This innovative approach recovers up to 80% of the material’s original capacity. In practical terms, the team claims that buildings could become recoverable energy materials. This reduces the need for battery replacements or costly repairs in the future.
From Lab to Construction: Applications and Real Potential
The research showed promising results under extreme conditions. The cement stored and discharged energy in both freezing and hot environments. In a practical test, six blocks of the material connected produced enough electricity to light up an LED bulb.
“This is not just a laboratory experiment”, said lead researcher Qi Luo. He envisions the technology integrated into real buildings, such as in walls, foundations, or bridges. In these locations, the cement could support renewable energy sources like solar panels. The impact could be significant, as a room made with the material could store about 10 kWh, enough to power a standard corporate server for a day.

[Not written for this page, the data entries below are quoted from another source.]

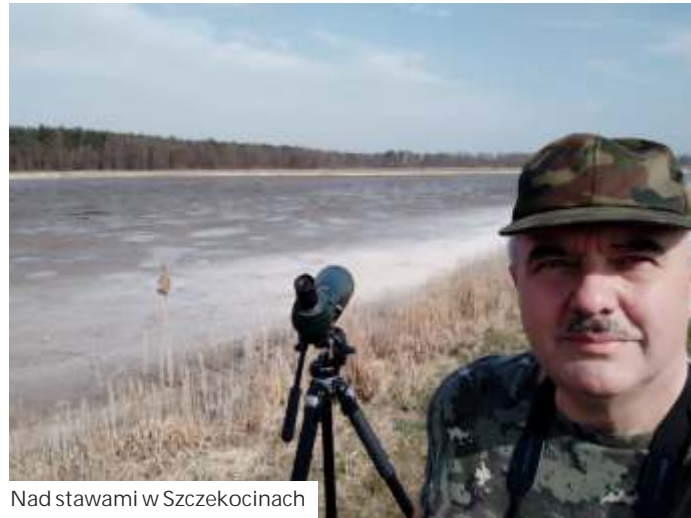
Nad stawami w Szczekocinach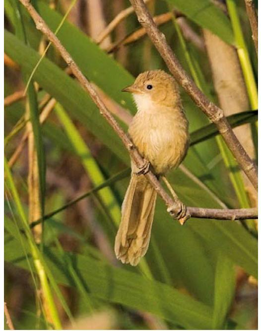
323 Citril Finch / Citroenkanarie Serinus citrinella , adult male, Fair Isle, Shetland, Scotland, 7 June 2008 324 Iraq Babbler / Iraakse Babbelaar Turdoides altirostris , Birecik, Turkey, 8 May 2008 325 Rustic Bunting / Bosgors Emberiza rustica , Helgoland, Schleswig-Holstein, Germany, 8 June 2008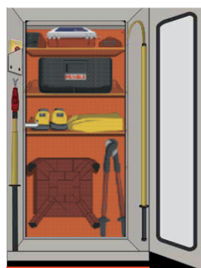
Disposición de los EPP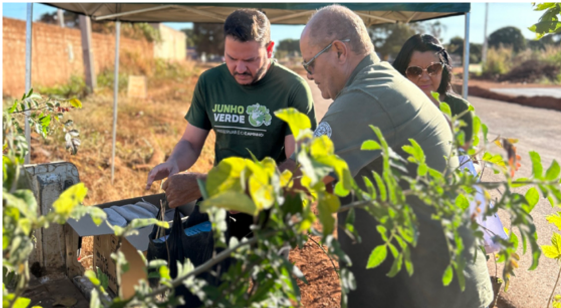
Durante o evento, os participantes receberam material educativo abrangendo uma variedade de temas ambientais

Durante o evento, os participantes receberam material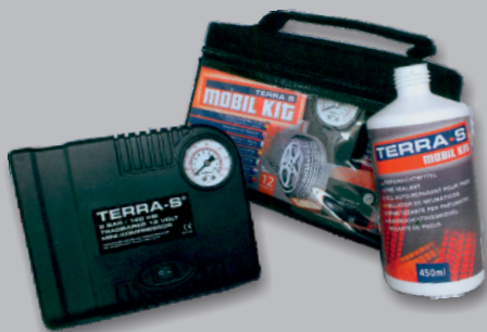
KIT ANTI CREVAISON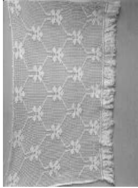
Resim 14. Atlamalı kompozisyon düzeninde dantel perde (Uçları püsküllerle temizlenmiş)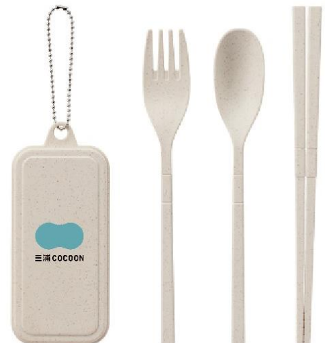
三浦 COCOON オリジナルカトラリーセット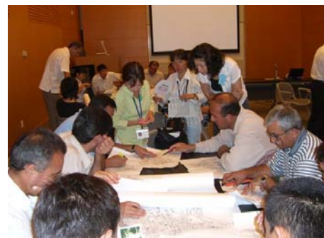
Составление Карт Риска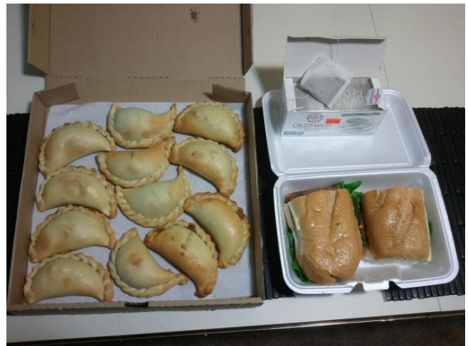
Aquí esta la comida que yo compré. Pusieron las empanadas en una caja de pizza.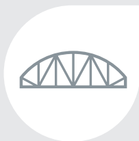
Métiers du métal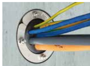
PRESSIO® STEEL UNIVERSAL multicâble (> 4).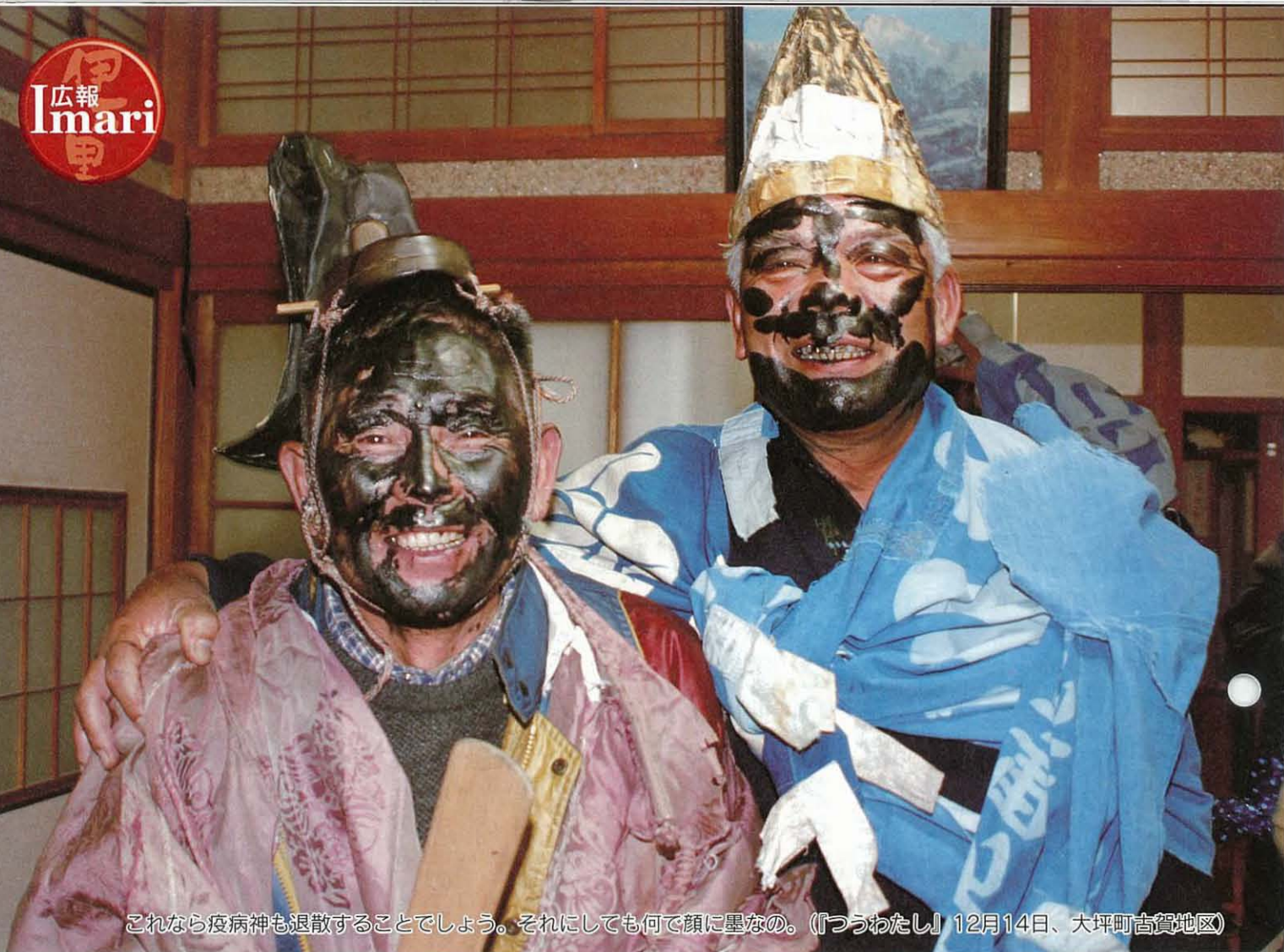
これなら疫病神も退散することでしょう。それにしても何で顔に墨なの。(『つうわたし』12月14日、大坪町古賀地区)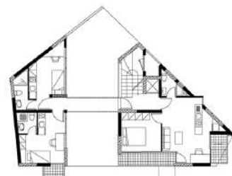
ΚΑΤΩΦΗ Α' ΟΡΟΦΟΥ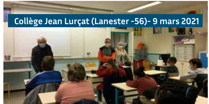
Collège Jean Lurçat (Lanester -56)- 9 mars 2021

Chaque année, le Festival se déplace dans les collèges et lycées à la rencontre des élèves pour projeter un film en sélection puis échanger.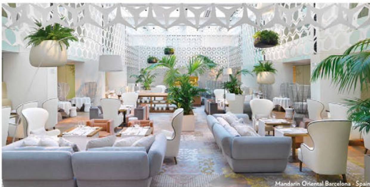
Mandarin Oriental Barcelona - Spain

Operating in the contract sector does not mean simply delivering a large number of products, but also providing information, advice, and assistance. Companies must be able to provide a flexible and updated service in order to meet the needs of individual projects. In this regard, the synergy between designers, companies, and clients is critical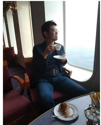
目覚めのコーヒーを一杯

この旅で驚いたのが、フィンスタビライザーの 効果でしょうか、「揺れない」ことと、フェリー のようなゴ——っという「騒音がない」こと。 洋上にいることを忘れます。これがクルーズなら ではの価値だと感じました。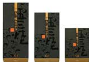
【特選】1.0号10切入/8切入/5切入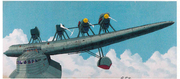
ルパン三世PART2《アルパトロス、翔ぶ》1980年 原作：モンキーパンチ ©TMS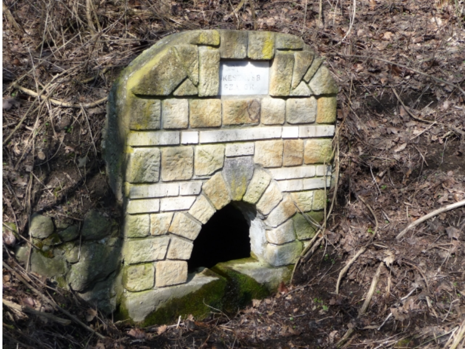
Forrásfoglalás (Márianosztra)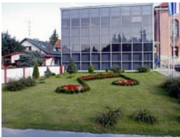
Slika 12. Umjetnička škola Fortunat Pintarić u Koprivnici

Kao učen i obrazovan čovjek Fortunat Pintarić bio je svjestan položaja u kojemu se nalazi hrvatski jezik te same potrebe za djelovanjem na svim područjima društvenih znanosti i kulture. Navedene činjenice dokaz su njegove posvećenosti toj zadaći koju je dodatno potaknuo poziv Maksimilijana Vrhovca fokusiran na buđenje svijesti i narodnosti. Djelo koje bih ja sam istaknuo je Dudaš koji se i dandanas pjeva u raznim prigodama vezanim uz Božić, a osim toga oslikava i ocrta njegov glazbeno-edukativni rad zbog kojeg je Fortunat Pintarić cijenjen.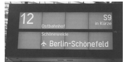
Modern. In Berlin Hauptbahnhof-Lehrter Bahnhof und Papestraße sind LCD-Anzeiger in Betrieb. Die Ausführung mit zwei Anzeigeflächen ist für Fernbahnhöfe vorgesehen. S-Bahnhöfe sollen Anzeiger mit nur einer Anzeigefläche bekommen. Die Gleisnummer soll künftig nicht mehr im Display angezeigt werden, dafür die Halteposition am Bahnsteig.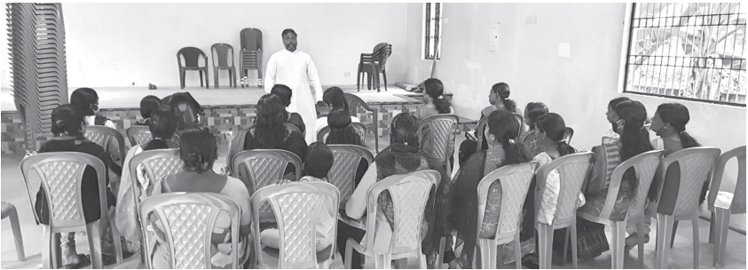
ചെമ്പരത്തിവിള യൂണിറ്റിൽ വച്ച് നടത്തപ്പെട്ട ഫെഡറേഷൻ മീറ്റിംഗ് പരിസ്ഥിതി ദിനാചരണം

കേരള സോഷ്യൽ സർവീസ് ഫോറവും ക്ഷേമയും സംയുക്തമായി അന്താരാഷ്ട്ര പരിസ്ഥിതി ദിനാചരണം 2022 ജൂൺ 5-ാം തീയതി അമ്പി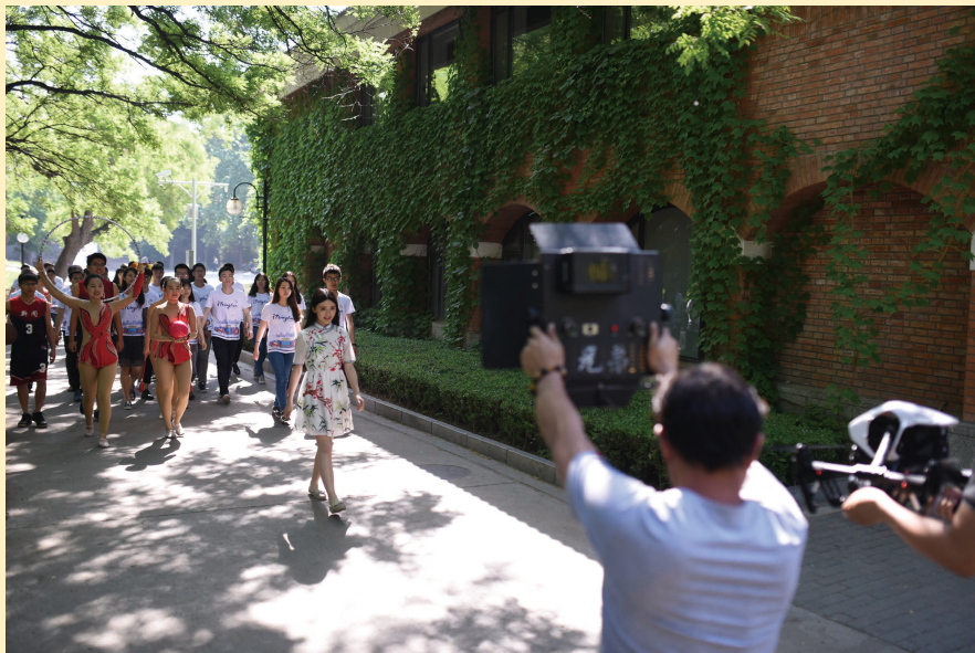
iTsinghua 自定义 2016 年清华大学招生宣传片拍摄现场

iTsinghua 学堂体现了清华大学的一贯理念，即招生就是培养，招生为了培养，招生促进培养，这种将招生按照育人的方式展开，延伸服务、深度服务的做法，体现了清华大学的人才选拔理念，也凸显了清华人的社会担当。通过这个活动，全国中学看到了清华求才若渴的立场和态度，看到了清华让招生回归教育本质，回归人才培养本身的决心和信心。

Toward a Self-Sustaining Infrastructure
With the expansion of renewable energy, the demand for affordable and sustainable storage is growing. Current batteries rely on scarce resources like lithium and cobalt, in addition to degrading over time. The cement-based system avoids these problems by using abundant, low-cost materials and natural bacteria.
Although still in its early stages, research indicates a future where buildings function as their own batteries. This could mean bridges powering their own sensors or homes storing daytime solar energy in their walls. The findings suggest that the next generation of infrastructure could be both structural and electrical.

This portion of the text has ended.